I remain coldly furious. Furious that children (because mid-teenagers are children) could show such disrespect to an adult. Furious that a shopkeeper, who dragged himself round the world to live here, and who works all the hours God sends, can find himself physically abused on the steps of the shop which he and his relatives have built up with their bare hands. Furious for my borough, limping painfully towards respectability, fighting enough inbuilt disadvantages without having to deal with cavalier street lawlessness. Furious with the many other adults on X Street who stood and watched, watched the build-up as well as the outcome, without intervening. How came we to this point? How did a cohort of children grow, not only to believe they can commit violence without fear of reprimand, but to take pleasure from these acts?
Walking home I pass a pub and hear a white man on his mobile, excitedly telling the news, whether to his wife or the police I don’t know. That’s right, some men chasing some boys he’s saying. The tone of his voice, the shine in his eyes: vicarious pleasure. His street-cred is enhanced by that which he has witnessed. I feel sick. Later, of course, I panic about repercussions. What will happen to the Turks who had had enough? What will happen to me? What might have happened to any one of us, had a knife been pulled?
*
I go back to the shop the next day, to see how things are, to see if the window is still there, to be honest. It is. The shopkeeper’s still angry.
– Seven years I wait to get visa to go to Canada, they turn me down, I’m stuck now in this fucking shithole.
– Don’t go, I say, you’re one of the good guys. I spend my life ticking the good guys off the list, because they are leaving, one family at a time.

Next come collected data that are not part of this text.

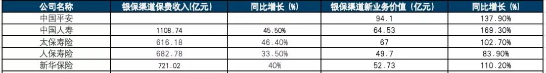 年报数据显示,中国人寿的银保渠道有效发挥战略发展作用,总保费首次突破千亿元;中国平安寿险及健康险业务银保新业务价值同比增长138%,中国太保、中国人保、新华保险银保新业务价值同比翻倍。
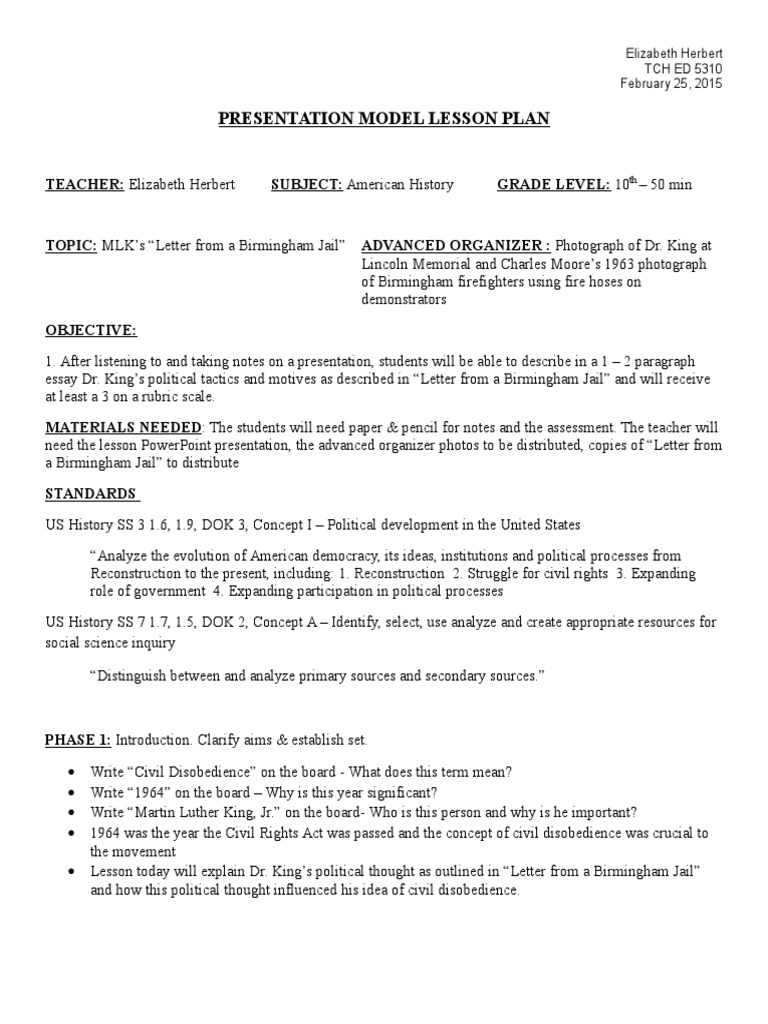 Lesson Plan On Birmingham Jail Civil Disobedience Martin Luther King Jr
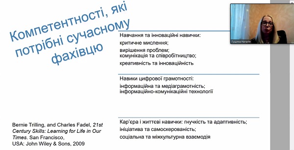 На заході виступили науковці: професор ННІНО НАУ Юрій Тесля; доценти кафедри відкритих освітніх систем та ІКТ, ДЗВО «Університет менеджменту освіти НАПН України» - Сергій Касьян, Лариса Ляхоцька, Наталія Гущина.
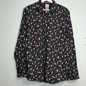 Zara Slim Fit Black Navy Floral Long Sleeve Button Down Men’s Size Large

– What can I do? You phone the police, they don’t do nothing. These boys are in, out the shop all the time, they steal things, they throw things … I don’t want to raise my child in this dump, among these, these …
– Criminals? I offer. Out of control youth?
– Animals, he says.
Just one week earlier, this man and I had bumped into each other on the High Street, a comic, near-physical bump, and we laughed out loud with the pleasure of it, then walked together down to the tube. That day, the sun was shining. That day, life was sweet.